**Activity**
The expected result is an exact restatement of the data, free of pictures.

**Given information**
══════════
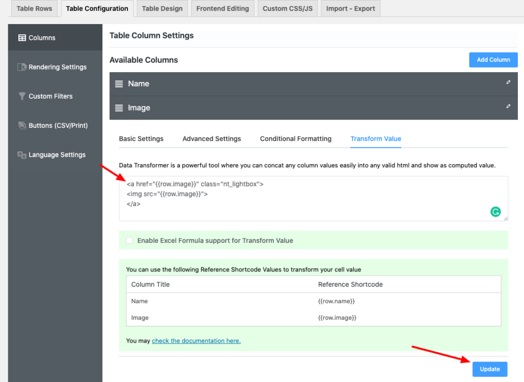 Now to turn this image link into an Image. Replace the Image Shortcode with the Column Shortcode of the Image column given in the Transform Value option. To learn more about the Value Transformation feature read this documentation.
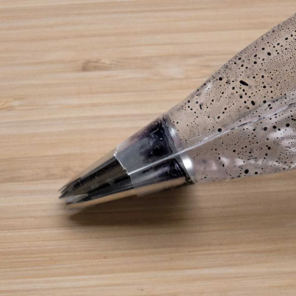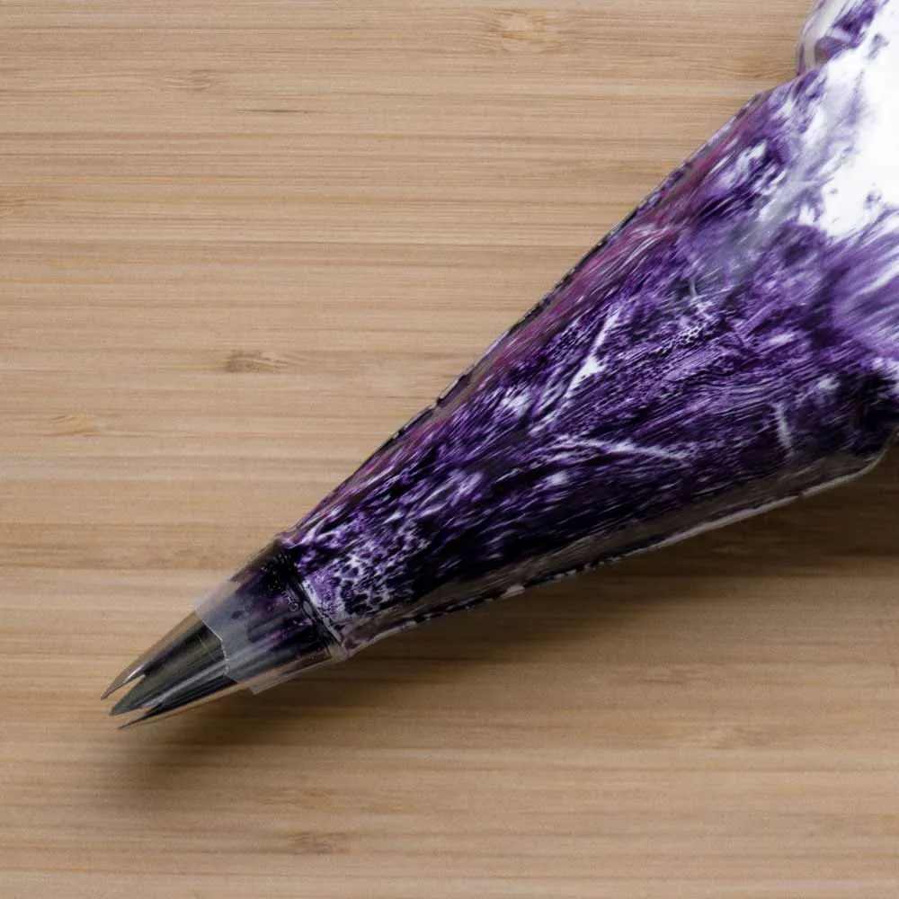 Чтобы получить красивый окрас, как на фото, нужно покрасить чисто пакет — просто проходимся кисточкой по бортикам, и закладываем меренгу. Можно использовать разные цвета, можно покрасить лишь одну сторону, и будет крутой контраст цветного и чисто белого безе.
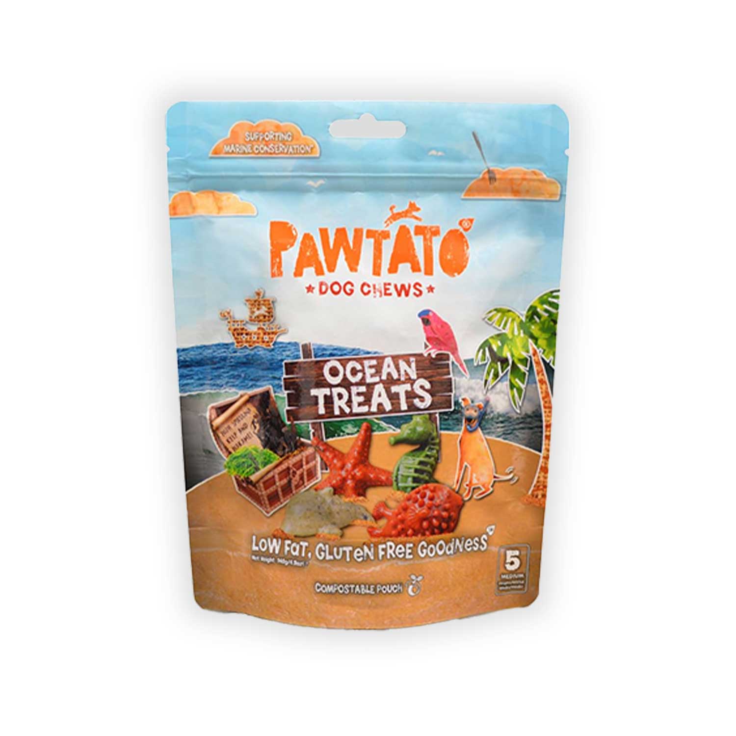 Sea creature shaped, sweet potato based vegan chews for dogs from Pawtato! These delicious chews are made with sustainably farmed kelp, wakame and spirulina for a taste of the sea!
══════════
**Solution to this exercise**
 Now to turn this image link into an Image. Replace the Image Shortcode with the Column Shortcode of the Image column given in the Transform Value option. To learn more about the Value Transformation feature read this documentation.
 Чтобы получить красивый окрас, как на фото, нужно покрасить чисто пакет — просто проходимся кисточкой по бортикам, и закладываем меренгу. Можно использовать разные цвета, можно покрасить лишь одну сторону, и будет крутой контраст цветного и чисто белого безе.
 Sea creature shaped, sweet potato based vegan chews for dogs from Pawtato! These delicious chews are made with sustainably farmed kelp, wakame and spirulina for a taste of the sea!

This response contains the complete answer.